§ WORK REQUEST
The pictures are to be left out, and all remaining data is to be transcribed exactly as it appears.

§ SUPPLIED DATA

--------------------------------------------------

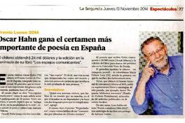 Oscar Hahn gana el certamen más importante de poesía en España [artículo] / La Segunda (Diario : Santiago, Chile)-- nov. 13, 2014, p. 27 .
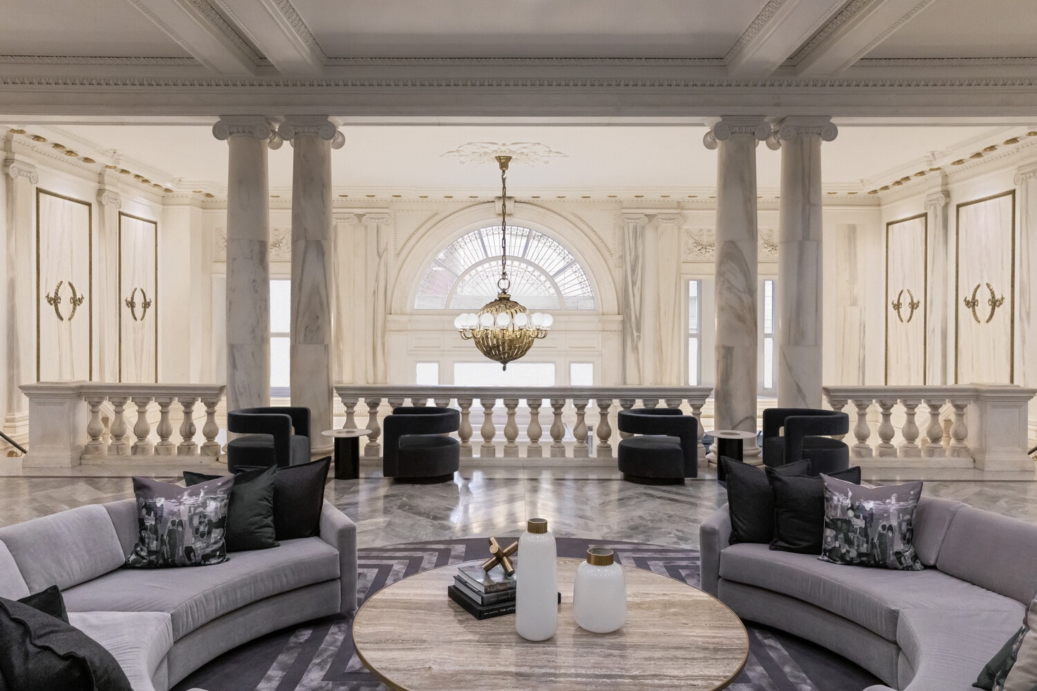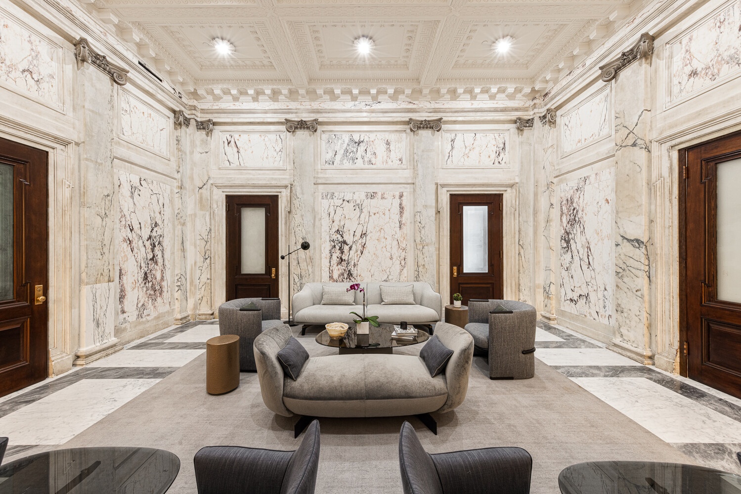 Featuring a discreet drive-in motor reception including valet parking and three luxurious attended lobbies each with its own elevator bank, 108 Leonard offers both the intimate experience of a boutique building and the breadth of over 20,000 square feet of wellness-driven amenities. Award-winning hospitality design firm Jeffrey Beers International has scrupulously restored renowned architect McKim Mead & White's Italian Renaissance Revival landmark; masterfully imbuing a distinctly contemporary yet timeless point of view within Tribeca's most iconic century-old building.
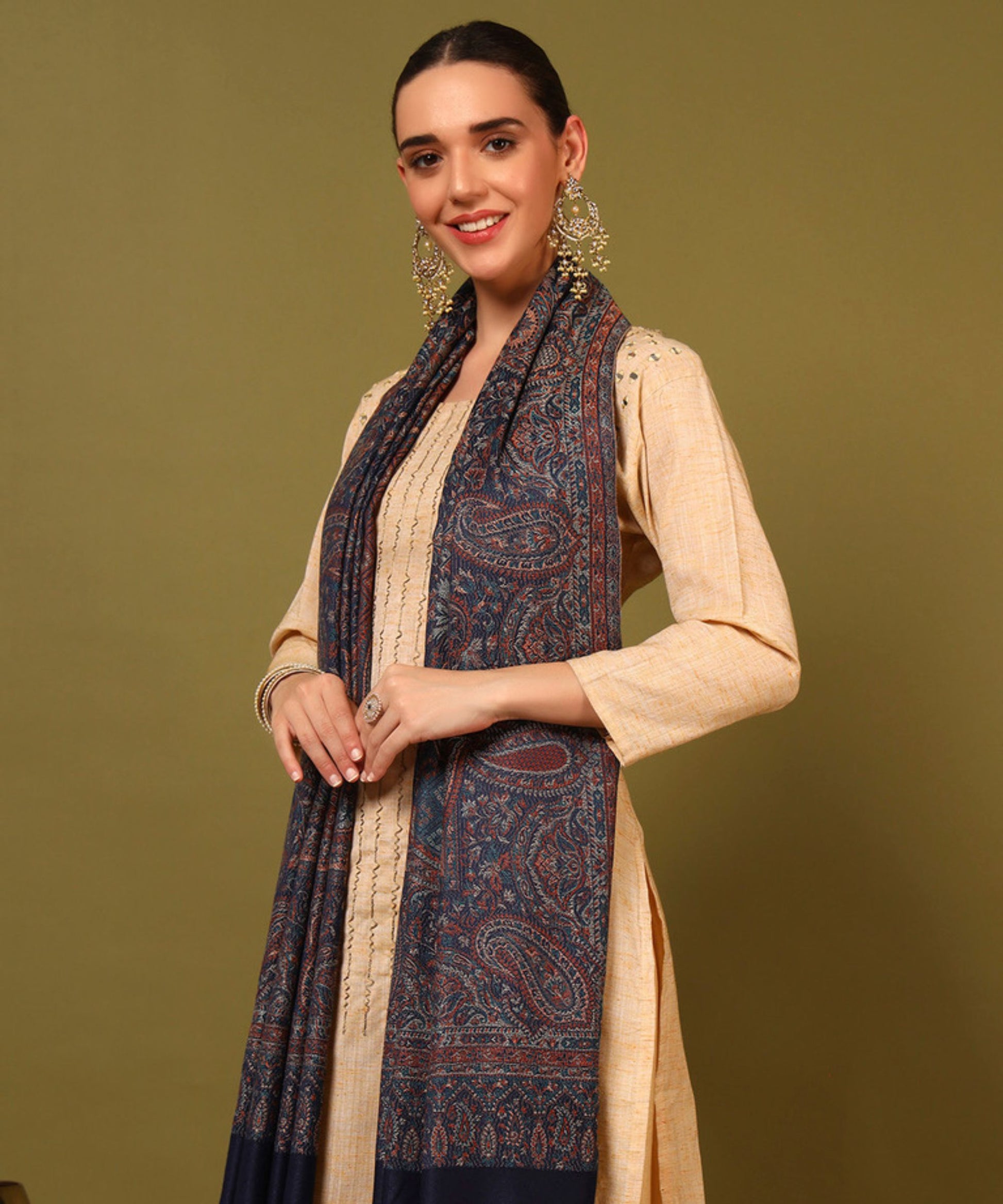 Experience luxurious softness with this super fine Jacquard faux pashmina shawl. Crafted from premium blended wool, it features an elegant Jacquard weave and a rich navy tone—perfect for winter styling, festive wear, or elevating everyday outfits.

--------------------------------------------------

§ RESULT OF THE EXERCISE
 Oscar Hahn gana el certamen más importante de poesía en España [artículo] / La Segunda (Diario : Santiago, Chile)-- nov. 13, 2014, p. 27 .
 Featuring a discreet drive-in motor reception including valet parking and three luxurious attended lobbies each with its own elevator bank, 108 Leonard offers both the intimate experience of a boutique building and the breadth of over 20,000 square feet of wellness-driven amenities. Award-winning hospitality design firm Jeffrey Beers International has scrupulously restored renowned architect McKim Mead & White's Italian Renaissance Revival landmark; masterfully imbuing a distinctly contemporary yet timeless point of view within Tribeca's most iconic century-old building.
 Experience luxurious softness with this super fine Jacquard faux pashmina shawl. Crafted from premium blended wool, it features an elegant Jacquard weave and a rich navy tone—perfect for winter styling, festive wear, or elevating everyday outfits.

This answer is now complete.